## Work instruction
In the listing below, locate the line containing "Modern HSSS: Modern" and the line containing "В салатницу выложите". Output both of them and every line between, exactly as written, and nothing more.

** Opening Entries shown block **

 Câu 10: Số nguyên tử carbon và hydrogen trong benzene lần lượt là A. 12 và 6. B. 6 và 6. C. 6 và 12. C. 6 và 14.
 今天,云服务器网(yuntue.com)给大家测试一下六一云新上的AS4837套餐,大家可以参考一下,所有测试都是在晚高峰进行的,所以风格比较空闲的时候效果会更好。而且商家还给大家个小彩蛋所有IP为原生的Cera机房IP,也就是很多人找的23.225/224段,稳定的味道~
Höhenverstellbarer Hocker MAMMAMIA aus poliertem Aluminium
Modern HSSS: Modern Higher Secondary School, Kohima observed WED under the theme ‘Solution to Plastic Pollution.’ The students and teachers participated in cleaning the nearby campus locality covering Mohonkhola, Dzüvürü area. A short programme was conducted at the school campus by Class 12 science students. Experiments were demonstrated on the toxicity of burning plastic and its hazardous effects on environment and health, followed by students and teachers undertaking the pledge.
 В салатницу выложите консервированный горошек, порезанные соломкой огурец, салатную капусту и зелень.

** Closing Entries shown block **
** Opening Entries shown block **

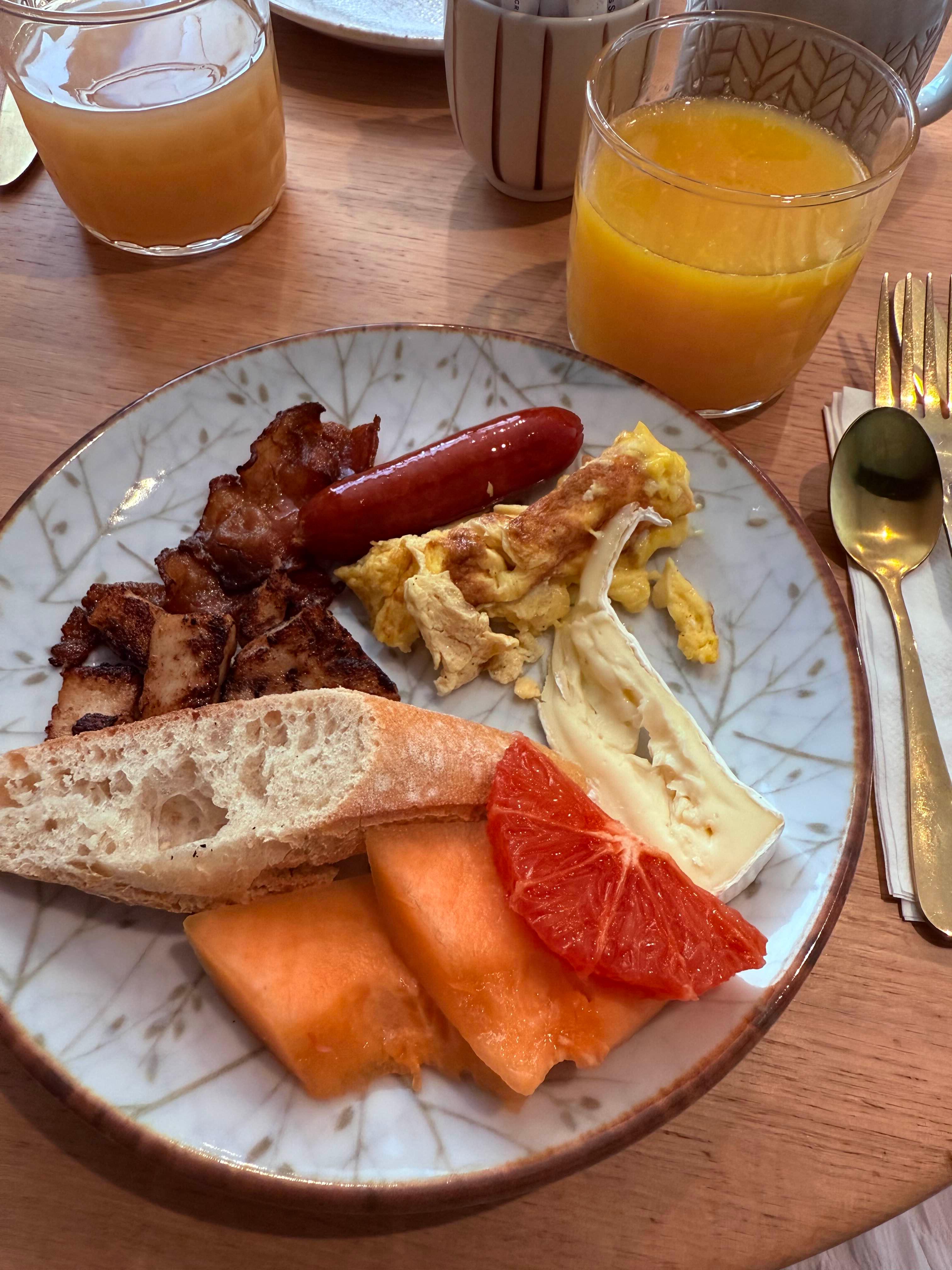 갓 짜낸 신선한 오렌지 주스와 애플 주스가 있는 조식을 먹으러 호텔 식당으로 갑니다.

** Closing Entries shown block **
** Opening Entries shown block **

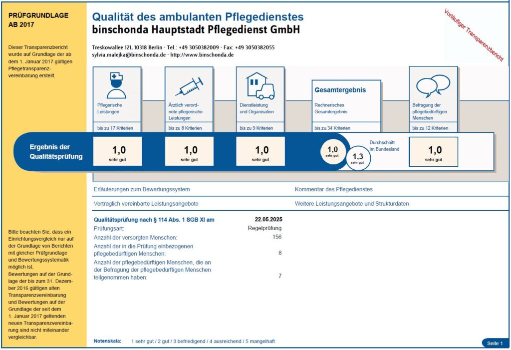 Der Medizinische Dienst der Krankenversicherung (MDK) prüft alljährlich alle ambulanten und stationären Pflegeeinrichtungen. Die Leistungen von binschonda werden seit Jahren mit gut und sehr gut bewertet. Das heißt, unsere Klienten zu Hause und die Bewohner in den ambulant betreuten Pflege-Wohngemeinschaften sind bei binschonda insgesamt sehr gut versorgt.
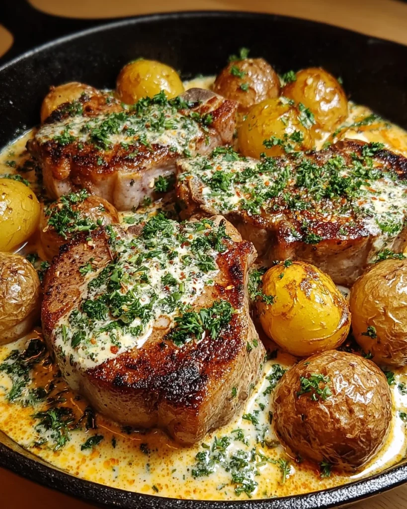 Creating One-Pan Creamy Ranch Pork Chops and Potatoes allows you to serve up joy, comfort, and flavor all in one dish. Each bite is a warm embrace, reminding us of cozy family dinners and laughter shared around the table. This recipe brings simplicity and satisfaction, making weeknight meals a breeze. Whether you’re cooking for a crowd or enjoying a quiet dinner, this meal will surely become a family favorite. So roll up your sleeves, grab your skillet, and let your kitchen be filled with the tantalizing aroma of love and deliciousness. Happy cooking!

** Closing Entries shown block **

## Answer space
Modern HSSS: Modern Higher Secondary School, Kohima observed WED under the theme ‘Solution to Plastic Pollution.’ The students and teachers participated in cleaning the nearby campus locality covering Mohonkhola, Dzüvürü area. A short programme was conducted at the school campus by Class 12 science students. Experiments were demonstrated on the toxicity of burning plastic and its hazardous effects on environment and health, followed by students and teachers undertaking the pledge.
 В салатницу выложите консервированный горошек, порезанные соломкой огурец, салатную капусту и зелень.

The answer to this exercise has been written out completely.